Multiple Anatomical Structure Recognition in Fetal Ultrasound Images

Feb, 2019·
Jake Bewick
Jake Bewick
· 2 min read
Abstract
Ultrasound imaging is heavily dependent on operator skill - sonographers are trained to recognise key anatomical features when navigating around the body. This is not too dissimilar to how convolutional neural networks (CNNs) can be trained for image classification. Development of a robust and accurate CNN may assist in identification of difficult bodily anatomy. In this report we train and optimise a CNN in multiclass and one vs rest configurations to classify fetal ultrasound images with 87.81±1.96% accuracy.
Type
This machine learning study develops convolutional neural networks (CNNs) to classify fetal ultrasound images into anatomical regions, achieving a high testing accuracy of 87.81% through data augmentation and hyperparameter optimization.

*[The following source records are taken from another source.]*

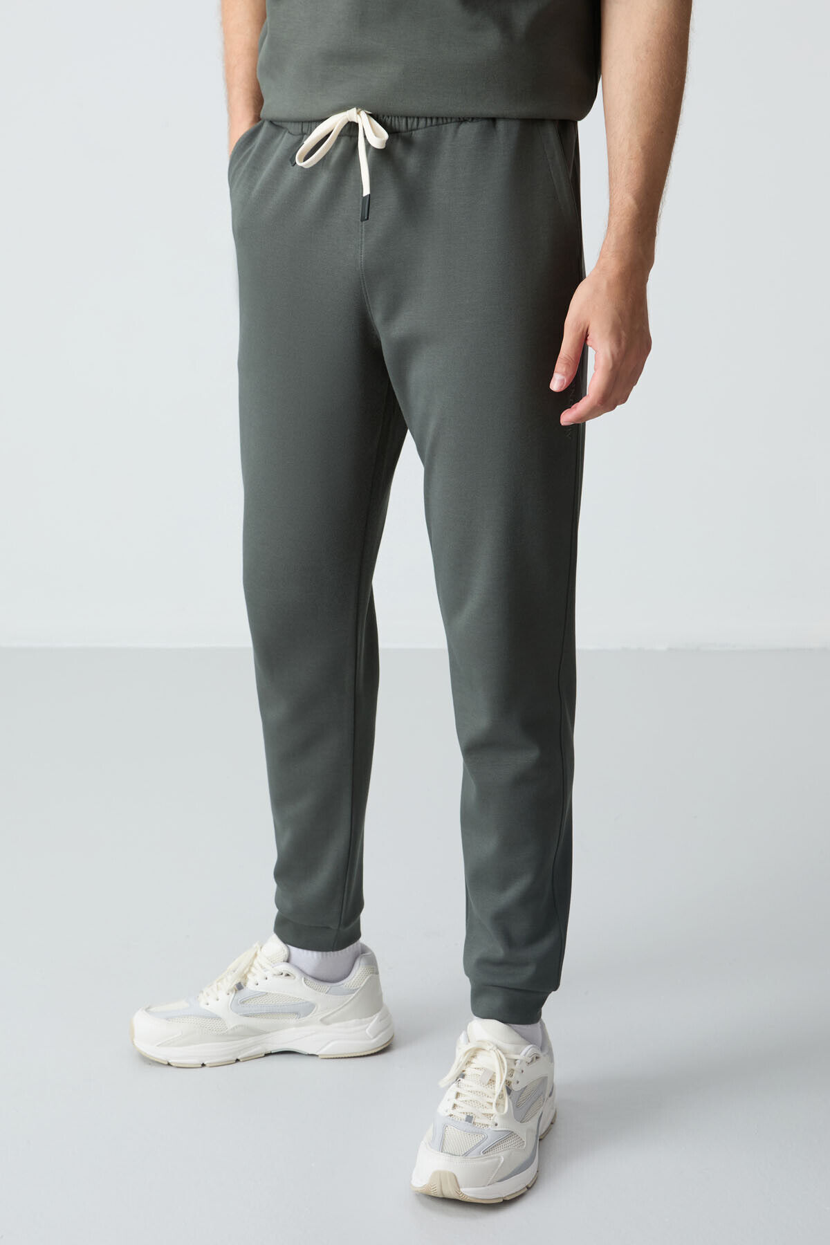 Haki Pamuklu Kalın Yumuşak Dokulu Oversize Fit Basic Erkek Eşofman Takım - 85261
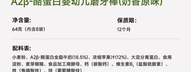 商品名称:不二宝贝 A2β-酪蛋白婴幼儿磨牙棒 64g
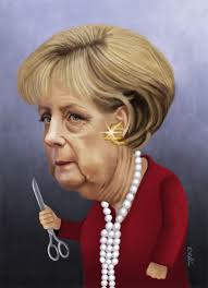 No he resistido la tentación de ofrecerles la imagen de la Canciller Angela Merkel en una caricatura de George. Me ha parecido magnífica y refleja fielmente la voraz vocación cortadora—cortadora de derechos económicos y de otro tipo—de la señora Merkel en el ámbito de la UE.
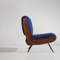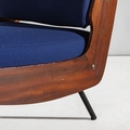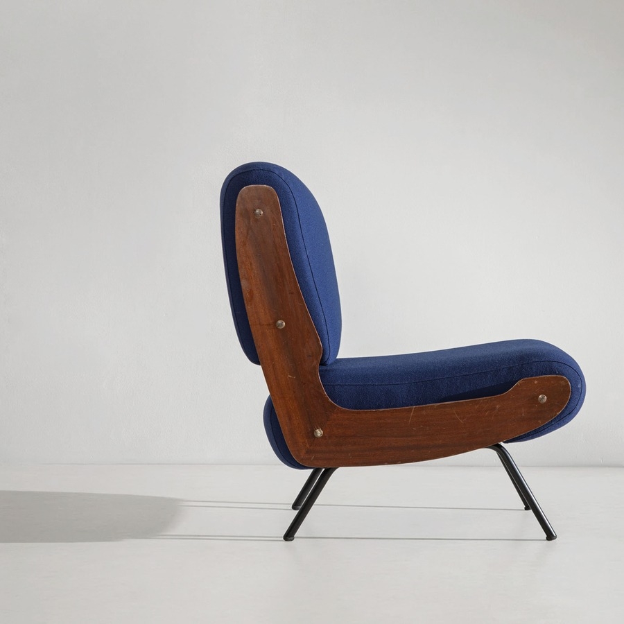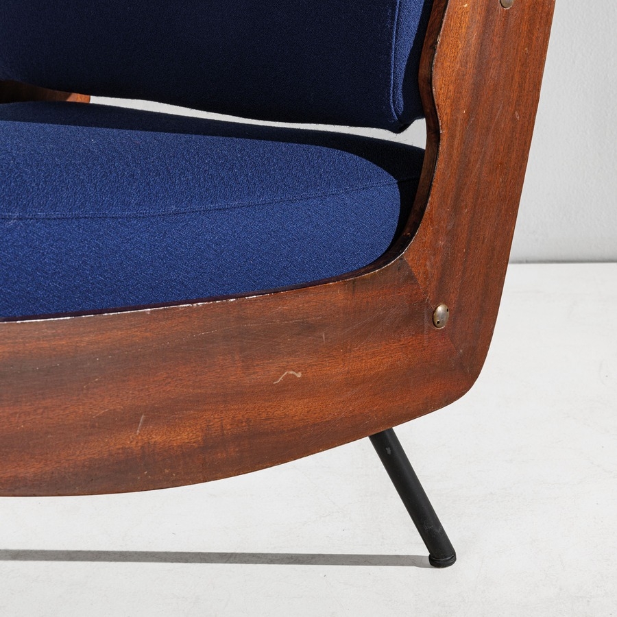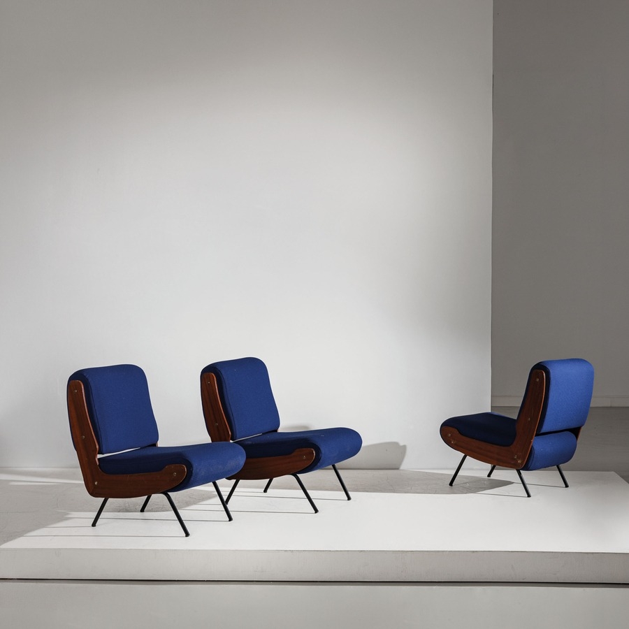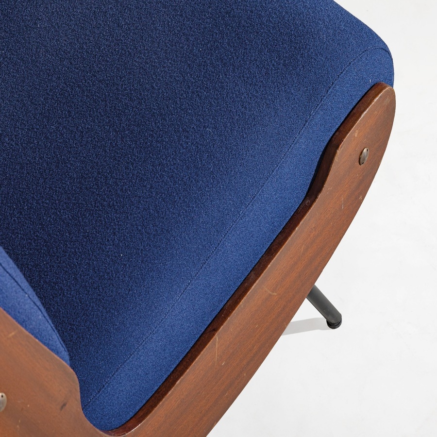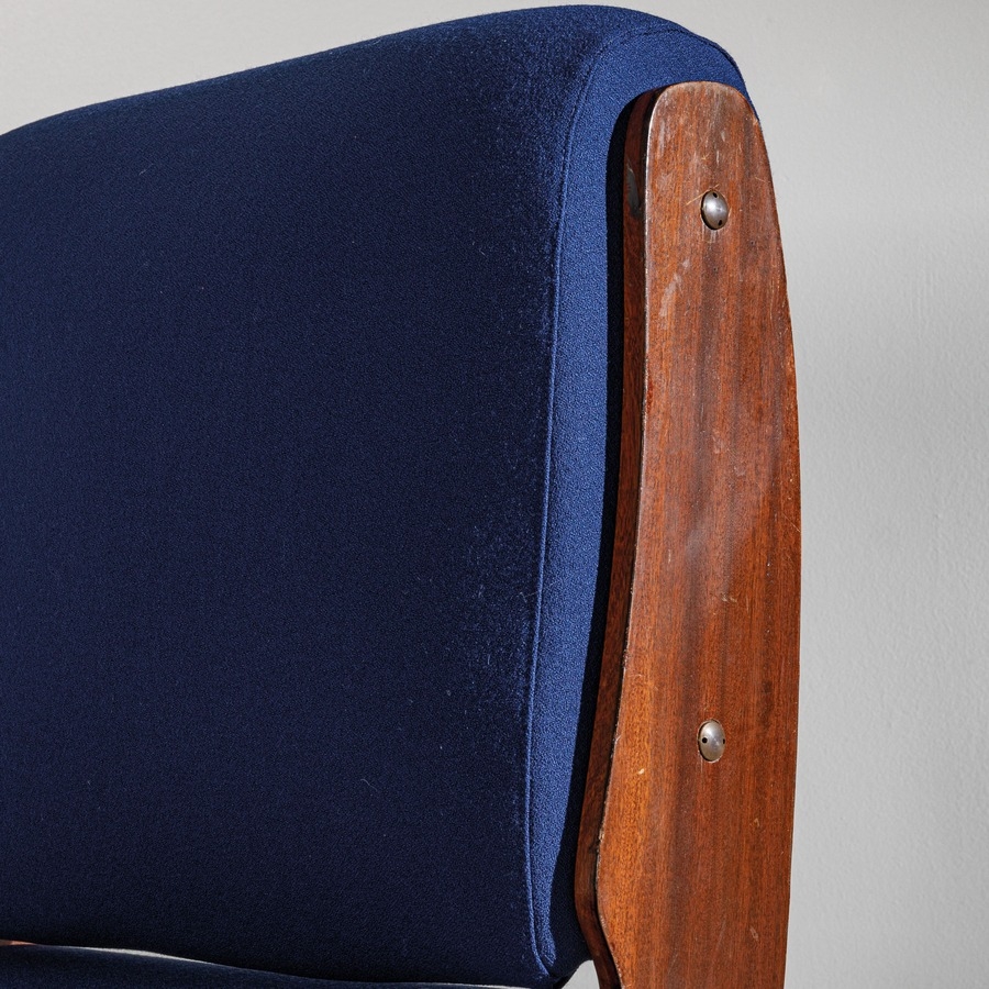 Tre poltrone modulari mod. 836. Compensato lastronato in legno di mogano, metallo, tessuto imbottito. Produzione Cassina, 1955 ca.
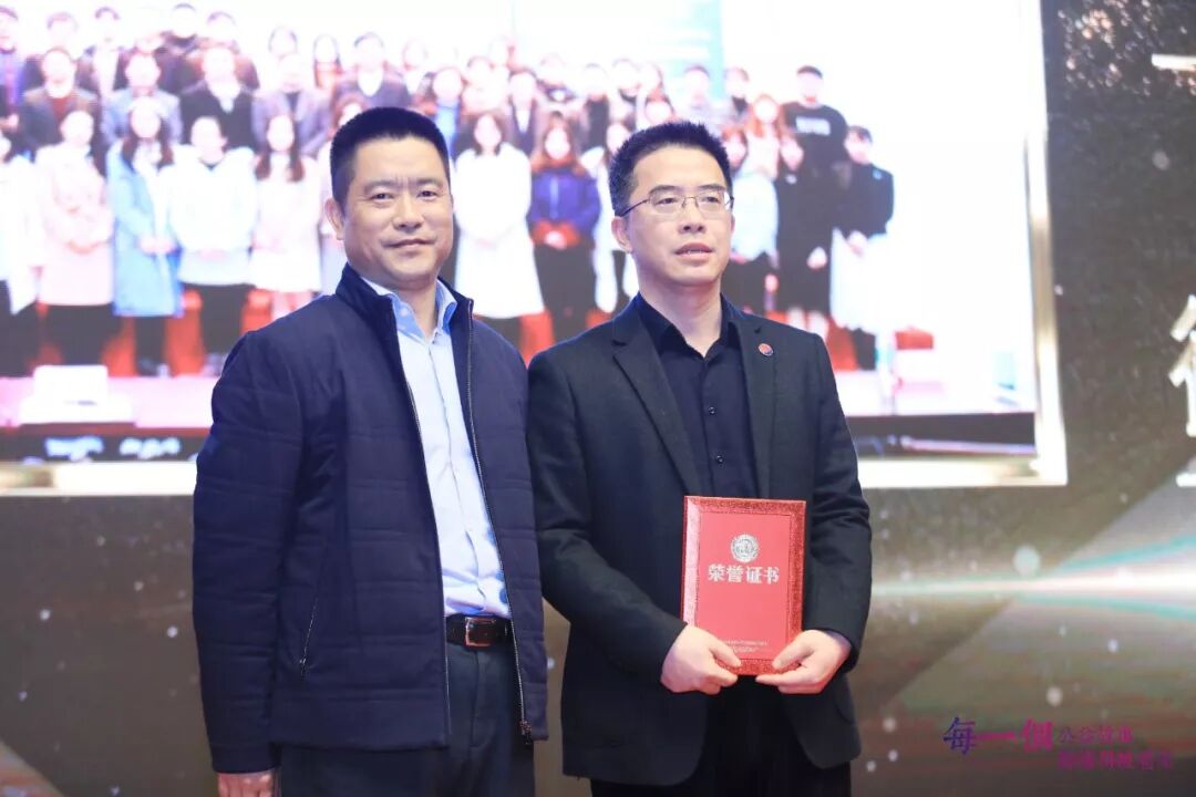 徐汇区政法委副书记、徐汇区法学会会长吴寅飞和上海交通大学凯原法学院副院长程金华为“2018年度公益人物奖”获得者颁奖。

In this report I develop and evaluate custom machine learning convolutional neural networks (CNNs) for classifying anatomical structures in fetal ultrasound (US) images. The study aims to assist sonographers by automating the recognition of key anatomical regions: head, heart, abdomen, and others.

Fetal heart ultrasound image
Figure: Ultrasound imaging of a fetal heart. Sonographers may struggle to clearly identify key anotomical features, leading to clinical error.

A CNN was trained using a labeled dataset of 266 subjects. To improve classification performance and address data imbalance, I used elastic deformation for data augmentation. Two models were tested: a multiclass CNN using softmax activation, and a one-vs-rest CNN using sigmoid functions.

Hyperparameter optimization through grid search identified the optimal CNN architecture, achieving a testing accuracy of 87.81±1.96%, outperforming a simpler base model. Data augmentation and dropout regularization were shown to significantly improve model performance.

Architecture of my optimised convolutional neural network
Figure: Architecture of my optimised convolutional neural network.

While the multiclass model performed slightly better overall, the one-vs-rest model offered comparable F1 scores but was more computationally demanding. Visualization techniques such as confusion matrices and t-SNE plots were used to understand misclassifications, notably between the heart and abdomen classes.